The FTC “better be ready to litigate,” said David Wales, a partner in the antitrust and competition group at law firm Skadden, Arps, Slate, Meagher & Flom and former acting director of the agency’s Bureau of Competition. “I’ve seen first-hand the resource constraints at the FTC,” he said. “They can’t sue everybody. They can’t block every deal. They will have to be strategic about it.”

Already, regulators have two major cases sucking up resources. The FTC last week refiled its monopoly lawsuit against Facebook, alleging its takeovers of Instagram and WhatsApp violated antitrust laws. (Its deal last year for Giphy also employed a sneaky maneuver to avoid showing up on regulators’ radars, and now they’re looking to close that loophole.) The Justice Department is pursuing its own case against Google. And what was initially seen as a narrow effort to reel in dominant technology companies has since expanded to other industries in light of a sweeping executive order from President Biden. Even more obscure areas such as ocean shipping are facing new scrutiny.

M&A reviews had already become more of a slog in recent years. Investigations that once took an average of eight months now stretch into a year or longer.
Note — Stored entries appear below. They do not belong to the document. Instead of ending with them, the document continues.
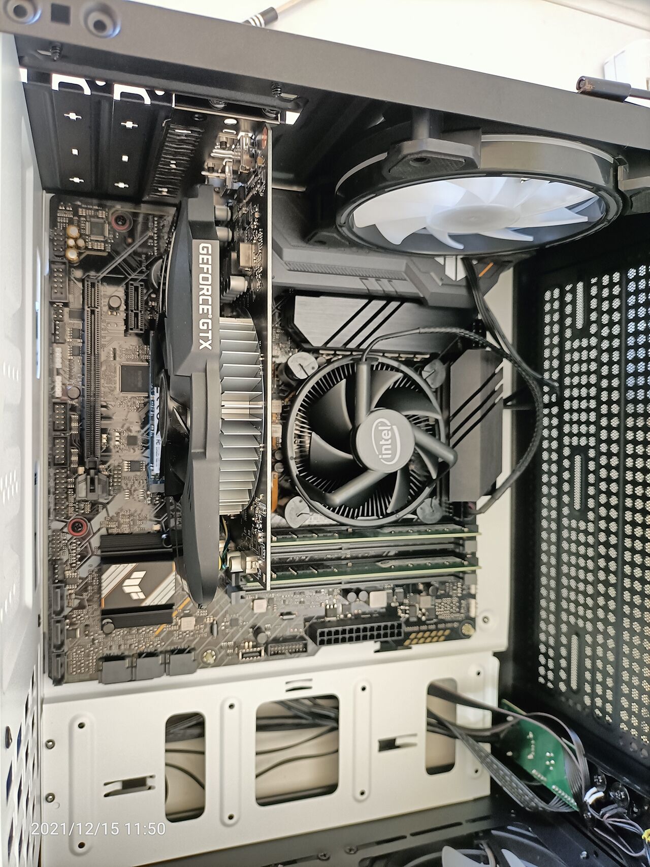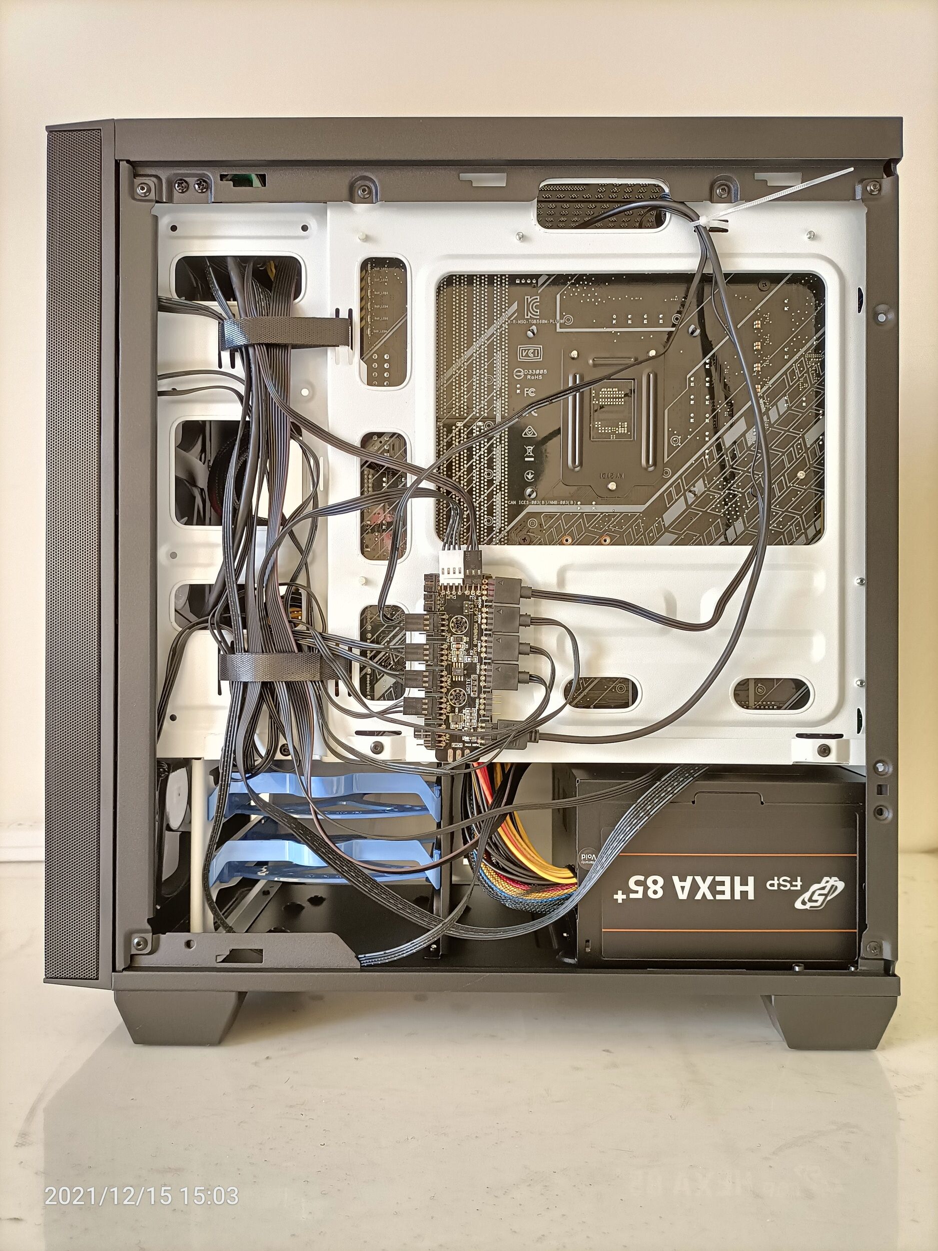 最後的步驟就是把電源供應器排線、CPU 風扇電源線、機殼面板排線、AURA Sync 排線…等都正確連接到主機板上,這樣就完成硬體組裝了。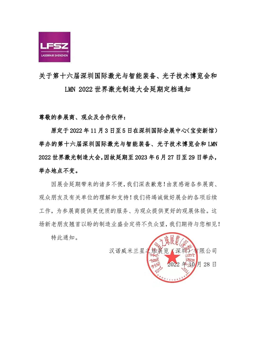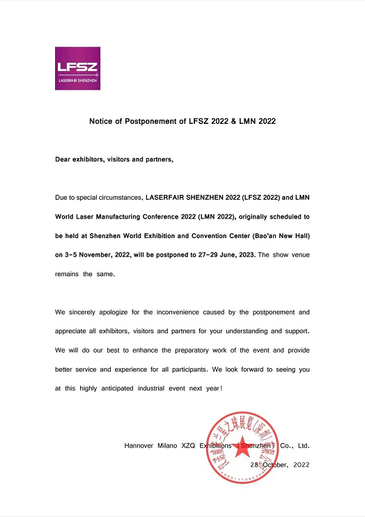 Due to special circumstances, LASERFAIR SHENZHEN 2022 (LFSZ 2022) and LMN World Laser Manufacturing Conference 2022 (LMN 2022), originally scheduled to be held at Shenzhen World Exhibition and Convention Center (Bao’an New Hall) on 3-5 November, 2022, will be postponed to 27-29 June, 2023. The show venue remains the same.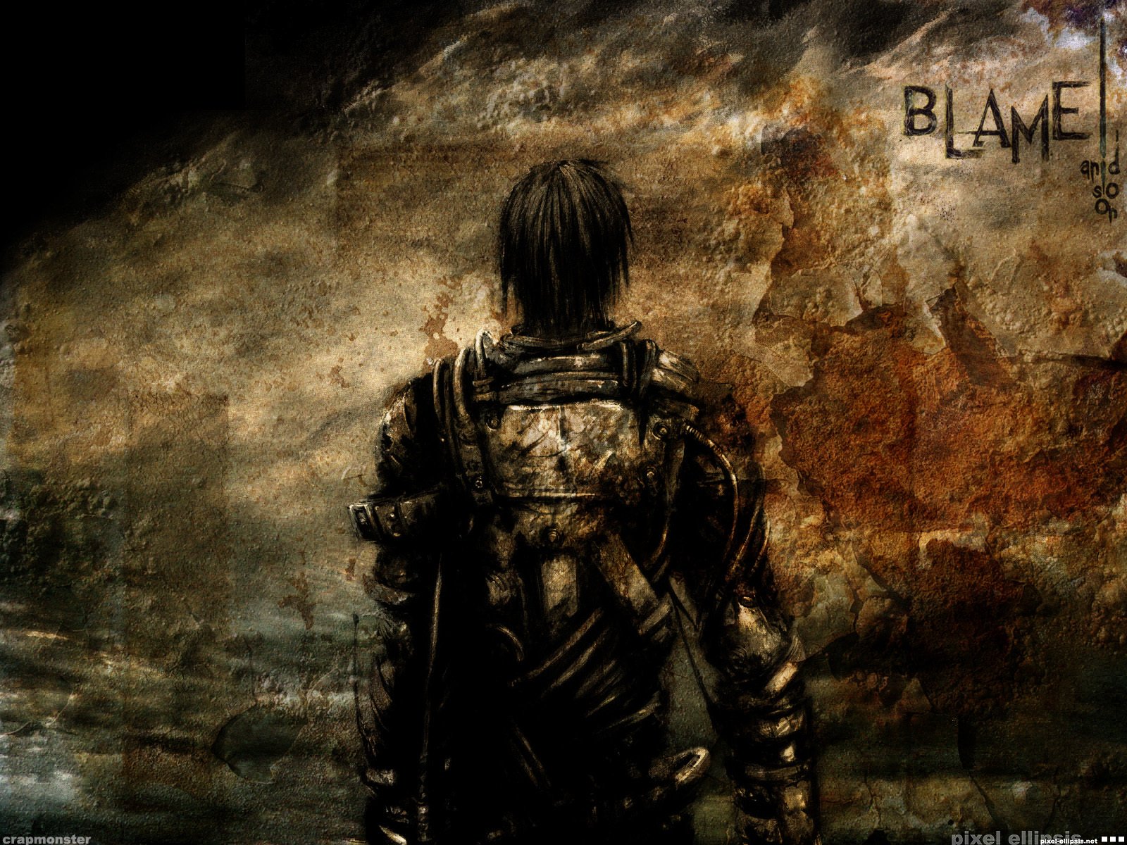 Anime blame kerl steht auf dem rücken

Just because the FTC threatens a drawn-out legal process doesn’t mean a court will take its side in the end. Even as some politicians and antitrust officials look to toughen up M&A laws, judges still rely on precedent, which can be favorable to merging companies (it was for AT&T Inc. in its giant takeover of Time Warner, for instance). An ambitious agenda without the financial resources to match it will also be of less service to consumers than if regulators pick their battles.

As it stands now, Khan’s FTC looks like it’s biting off more than it can chew, and its threats aren’t having the intended effect.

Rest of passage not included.